(Data for the task)

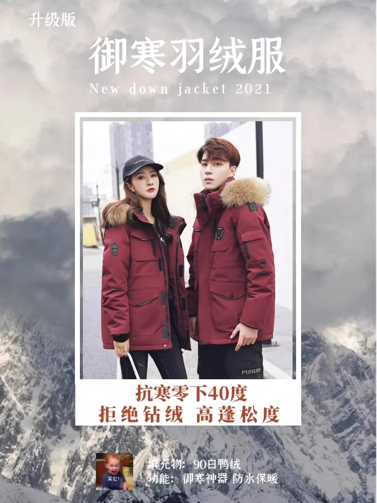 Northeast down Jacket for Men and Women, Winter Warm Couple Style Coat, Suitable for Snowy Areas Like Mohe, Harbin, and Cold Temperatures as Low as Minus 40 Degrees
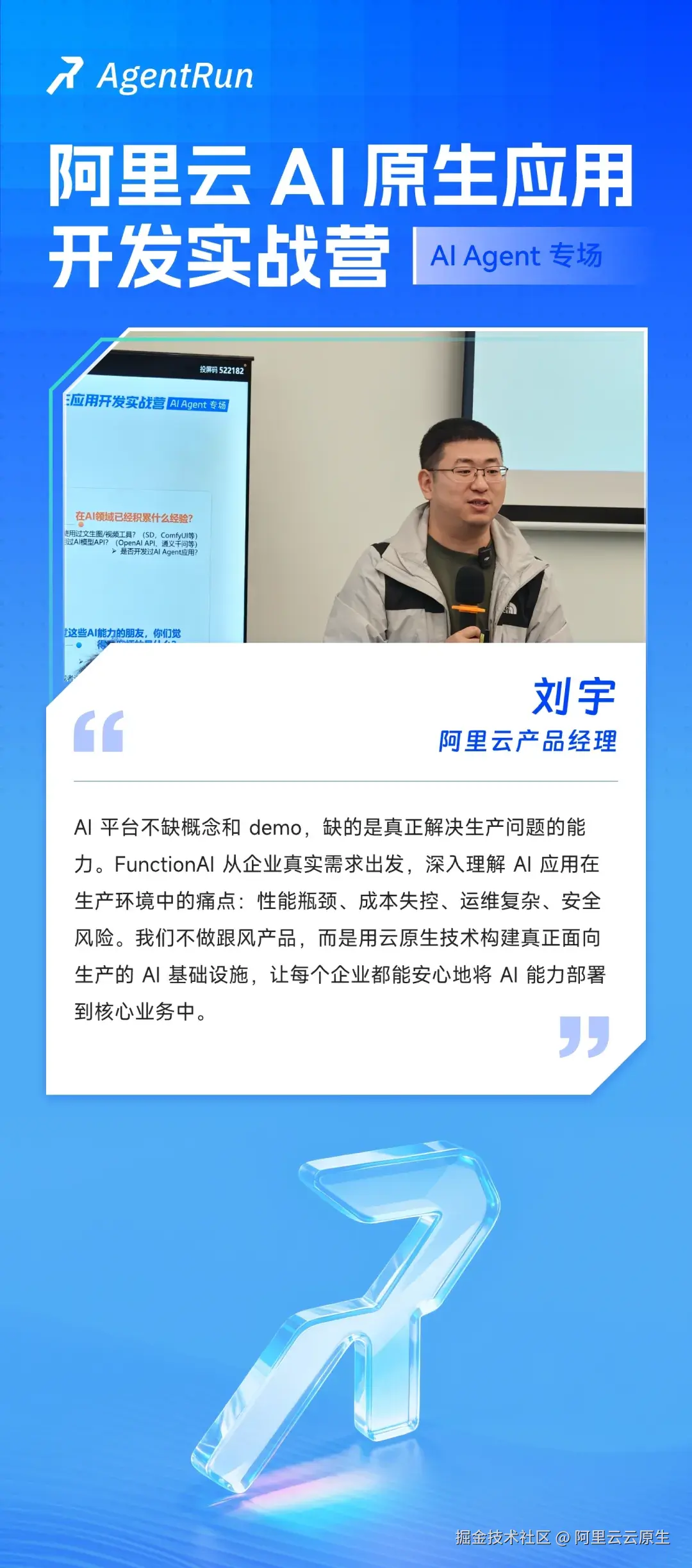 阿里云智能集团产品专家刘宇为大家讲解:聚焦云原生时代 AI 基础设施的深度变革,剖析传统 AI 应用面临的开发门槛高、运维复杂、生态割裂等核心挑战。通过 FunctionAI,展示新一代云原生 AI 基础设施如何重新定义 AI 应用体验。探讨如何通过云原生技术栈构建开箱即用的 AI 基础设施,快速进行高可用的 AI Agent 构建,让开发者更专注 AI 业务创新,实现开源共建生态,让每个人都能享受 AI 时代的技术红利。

(End Data for the task)
(Data for the task)

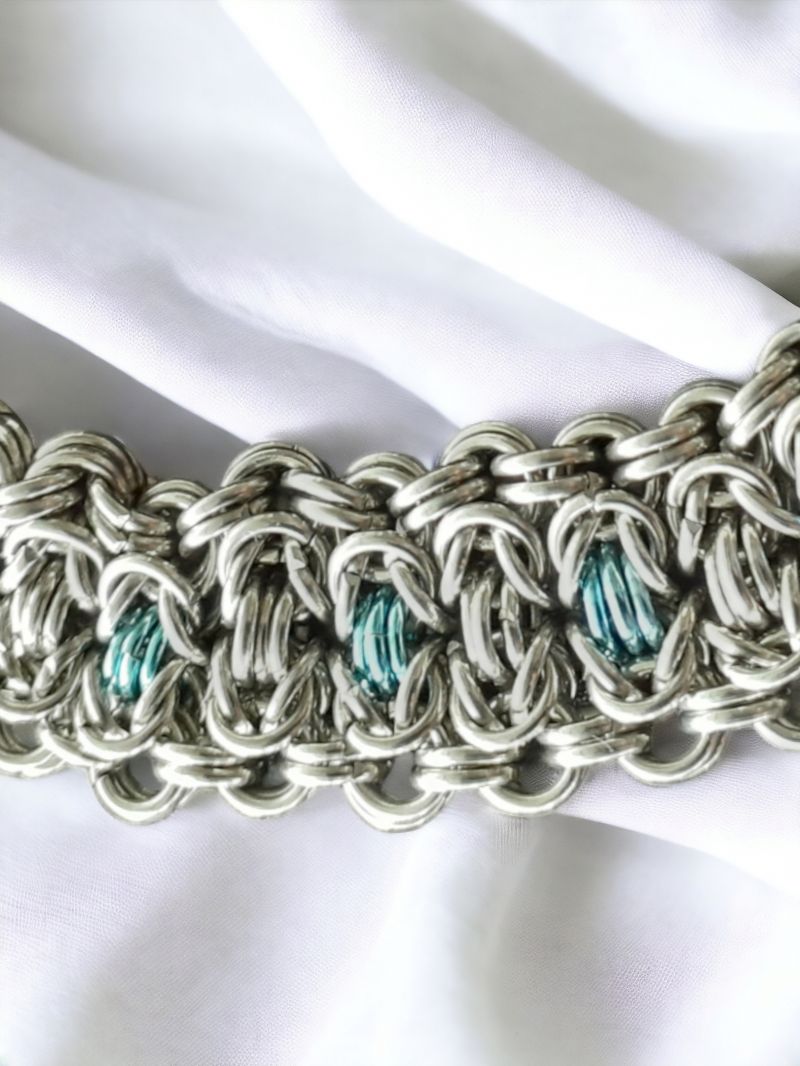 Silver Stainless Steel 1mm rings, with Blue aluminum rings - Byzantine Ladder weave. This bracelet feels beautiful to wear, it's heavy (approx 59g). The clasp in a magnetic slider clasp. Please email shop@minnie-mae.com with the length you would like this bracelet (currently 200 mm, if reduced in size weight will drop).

(End Data for the task)
(Data for the task)

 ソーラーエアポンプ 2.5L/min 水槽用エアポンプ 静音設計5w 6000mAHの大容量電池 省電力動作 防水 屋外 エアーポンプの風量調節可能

(End Data for the task)

Take the material above and output only the lines from the one that contains "Northeast down Jacket" through the one that contains "阿里云智能集团产品专家刘宇为大家讲解:聚焦云原生时代 AI 基础设施的深度变革,剖析传统", ends included and images left out.

= Answer box =
 Northeast down Jacket for Men and Women, Winter Warm Couple Style Coat, Suitable for Snowy Areas Like Mohe, Harbin, and Cold Temperatures as Low as Minus 40 Degrees
 阿里云智能集团产品专家刘宇为大家讲解:聚焦云原生时代 AI 基础设施的深度变革,剖析传统 AI 应用面临的开发门槛高、运维复杂、生态割裂等核心挑战。通过 FunctionAI,展示新一代云原生 AI 基础设施如何重新定义 AI 应用体验。探讨如何通过云原生技术栈构建开箱即用的 AI 基础设施,快速进行高可用的 AI Agent 构建,让开发者更专注 AI 业务创新,实现开源共建生态,让每个人都能享受 AI 时代的技术红利。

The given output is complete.